Noncommuting vector fields, polynomial approximations and control of inhomogeneous quantum ensembles

TL;DR

This paper explores how noncommuting vector fields and Lie algebra structures enable the design of pulse sequences that compensate for parameter dispersion in quantum systems, with applications in NMR spectroscopy.

Contribution

It explicitly links noncommutativity and Lie algebra properties to the development of control pulses for inhomogeneous quantum ensembles, advancing quantum control techniques.

Findings

Identifies the role of Lie algebras and non-commutativity in pulse design.

Analyzes three common dispersions in NMR: Larmor, rf-inhomogeneity, and coupling strength.

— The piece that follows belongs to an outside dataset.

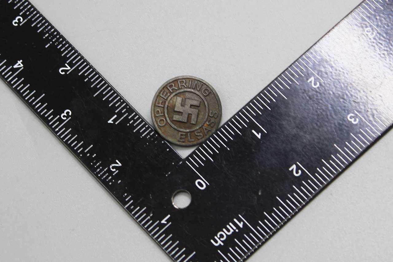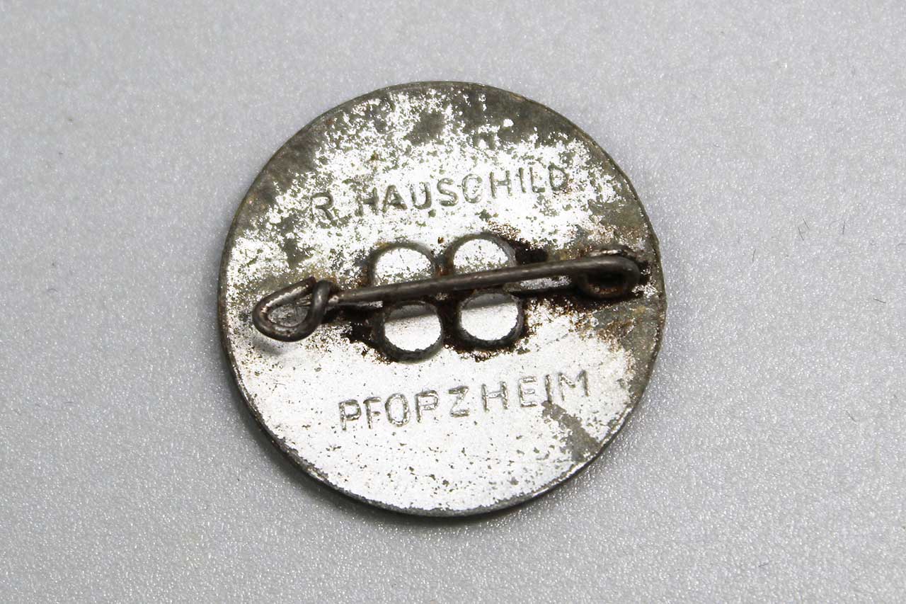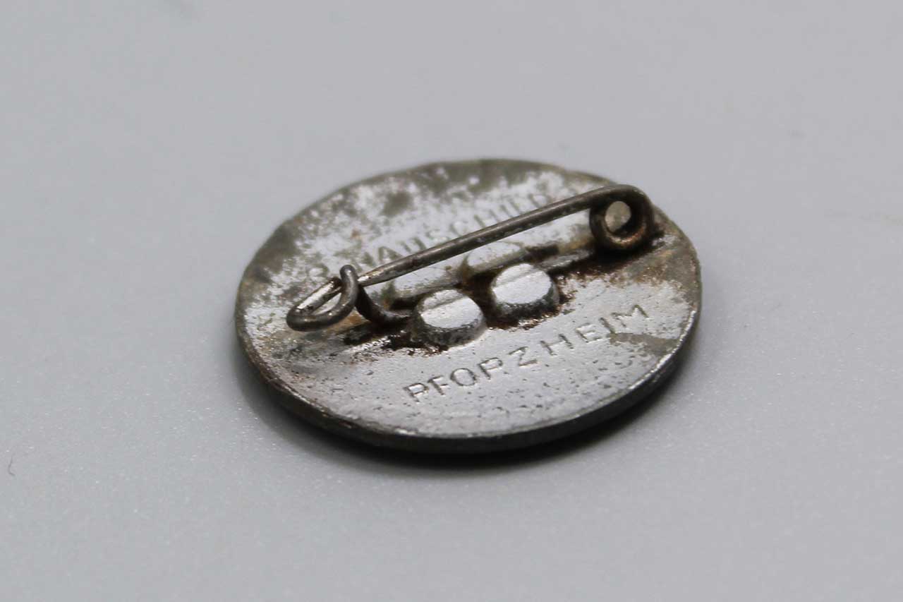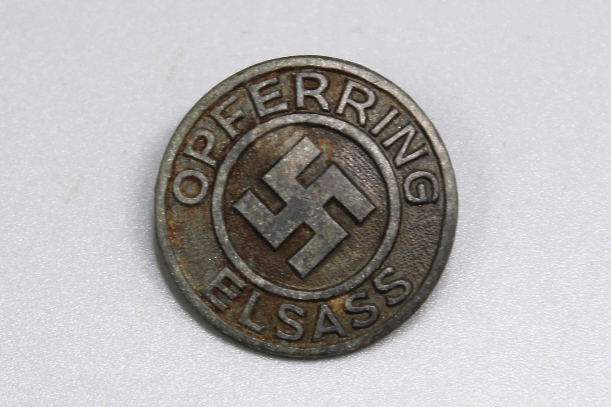 WW2 German Opferring Elsass pin. Die struck zinc based pin. Marker marked on back R.Hauschild Pforzhiem. Crimped in pin on back. Worn condition.

Provides insights into controlling inhomogeneous quantum systems.

Abstract

Finding control fields (pulse sequences) that can compensate for the dispersion in the parameters governing the evolution of a quantum system is an important problem in coherent spectroscopy and quantum information processing. The use of composite pulses for compensating dispersion in system dynamics is widely known and applied. In this paper, we make explicit the key aspects of the dynamics that makes such a compensation possible. We highlight the role of Lie algebras and non-commutativity in the design of a compensating pulse sequence. Finally we investigate three common dispersions in NMR spectroscopy, the Larmor dispersion, rf-inhomogeneity and strength of couplings between the spins.